Genome-wide meta-analysis of quantitatively measured generalized anxiety symptoms in individuals of European ancestry

Authors

Megan Skelton, Brittany L Mitchell, Elham Assary, Danyang Li, Genevieve Morneau-Vaillancourt, Alan E Murphy, Abigail R Ter Kuile, Rujia Wang, Mark J Adams, Enda M Byrne, Elizabeth C Corfield, Poppy Z Grimes, Laurie J Hannigan, Jihua Hu, Kadri Kõiv, Alex S F Kwong, Sergi Papiol, Johanne H Pettersen, Giorgio Pistis, Enrique Castelao, Nora I Strom, Peter J van der Most, Anxiety Disorders Working Group of the Psychiatric Genomics Consortium, GLAD+ authors, Lifelines Cohort Study, NIHR BioResource, PROTECT-AD Consortium, Ole A Andreassen, Angelika Erhardt-Lehmann, Alexandra Havdahl, Nathan Skene, Brad Verhulst, Heike Weber, Chérie Armour, Helga Ask, William E Copeland, Udo Dannlowski, Jürgen Deckert, Katharina Domschke, Ian B Hickie, Kelli Lehto, Tina B Lonsdorf, Ulrike Lueken, Michelle K Lupton, Sarah E Medland, Andrew M McIntosh, Albertine J Oldehinkel, Martin Preisig, Andreas Reif, Harold Snieder, James T R Walters, Naomi R Wray, Catharina A Hartman, Nicholas G Martin, John M Hettema, Gerome Breen, Jonathan R I Coleman, Thalia C Eley

Abstract

Nat Hum Behav. 2026 Jun 9. doi: 10.1038/s41562-026-02476-7. Online ahead of print.

ABSTRACT

Anxiety is heritable and exists on a continuum, with symptoms ranging from adaptive threat response to clinical disorder.
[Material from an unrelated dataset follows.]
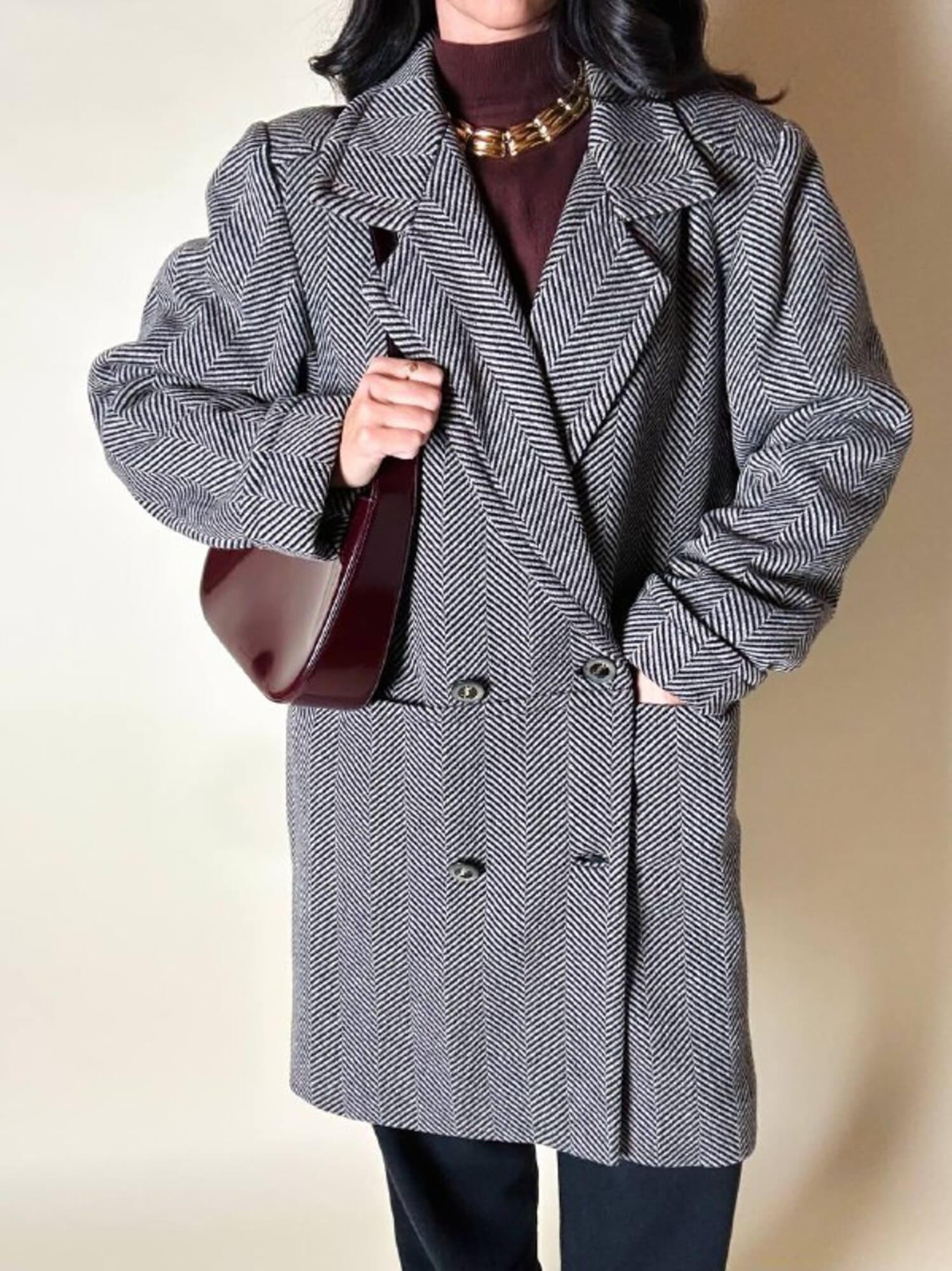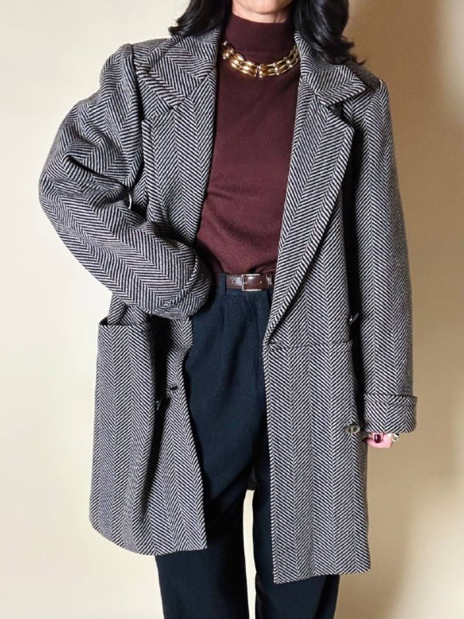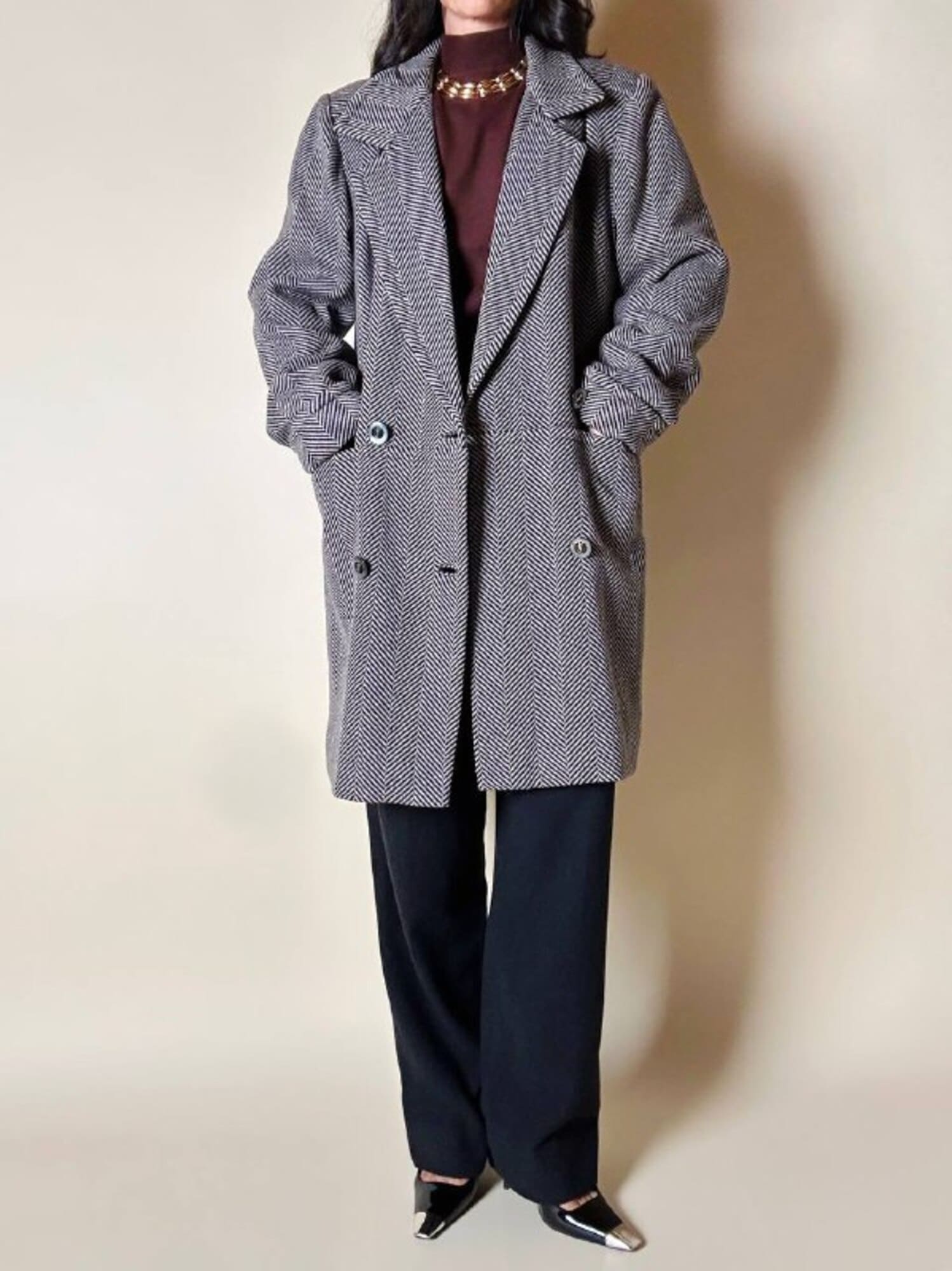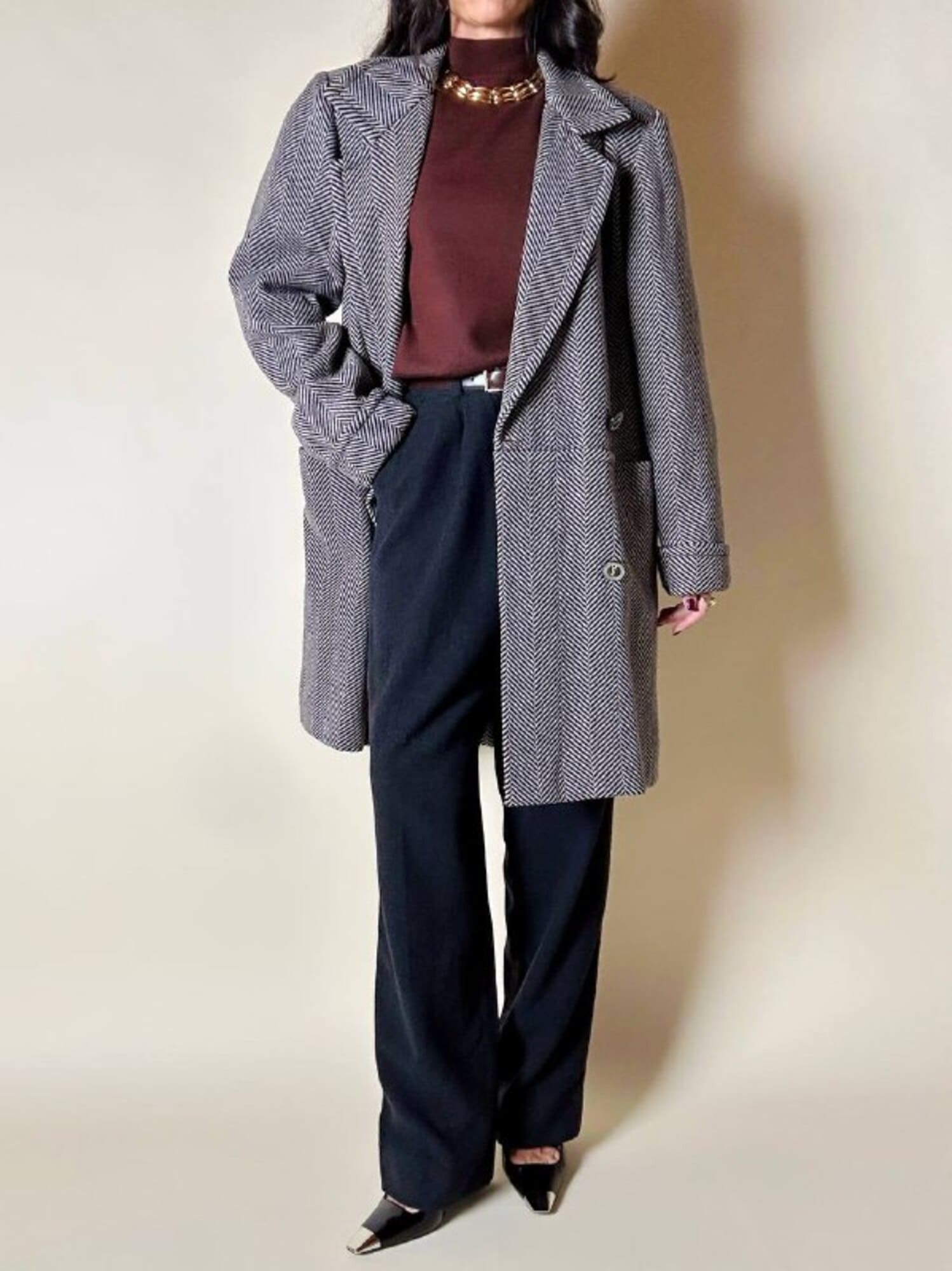 Un classico intramontabile nel guardaroba invernale, questo cappotto unisce eleganza sartoriale e dettagli iconici. Realizzato in lana con distintiva trama a spina di pesce, bianco tortora e nero. Il modello doppiopetto presenta ampi revers a lancia e grandi bottoni con logo YSL in oro che definiscono l’allacciatura frontale con un tocco di lusso discreto. La vestibilità oversize ma strutturata con spalle definite valorizza la silhouette, mentre la lunghezza fino al ginocchio aggiunge versatilità e praticità. Il cappotto, è tagliato orizzontalmente sul davanti, all’altezza del punto vita, con ampie tasche che coincidono col taglio e polsi risvoltati sulle maniche. In prossimità del collo è dotato di un elegante stringa in pelle color cuoio con terminali in metallo argento che consente di appenderlo facilmente. Completano il design uno spacco posteriore e la fodera matelassé grigio scuro, che assicura calore e comfort, rendendo questo cappotto un investimento essenziale di stile per l’inverno.

Here we performed a genome-wide association meta-analysis of generalized anxiety symptom severity in 693,869 individuals of European ancestry from 14 cohorts. We identified 80 independent genome-wide significant variants within 74 loci, 39 of which were newly associated with anxiety. SNP-based heritability was 5.9% (posterior s.d. = 0.15%). Polygenic scores were significantly associated with anxiety symptom severity and disorder in European, African and South Asian ancestry samples (R2 = 1.2-2.9%). Significant genetic correlations (rg) were estimated with mental and physical health traits, including case-control anxiety, neuroticism and depression (rg = 0.71-0.85), irritable bowel syndrome (rg = 0.57), coronary artery disease, endometriosis and migraine (rg = 0.20-0.27). Gene-based and pathway analyses implicated synaptic and axonal processes, with enriched expression in the brain. These findings highlight the discovery power gained from analysing a quantitative trait rather than a case-control phenotype in anxiety genetics.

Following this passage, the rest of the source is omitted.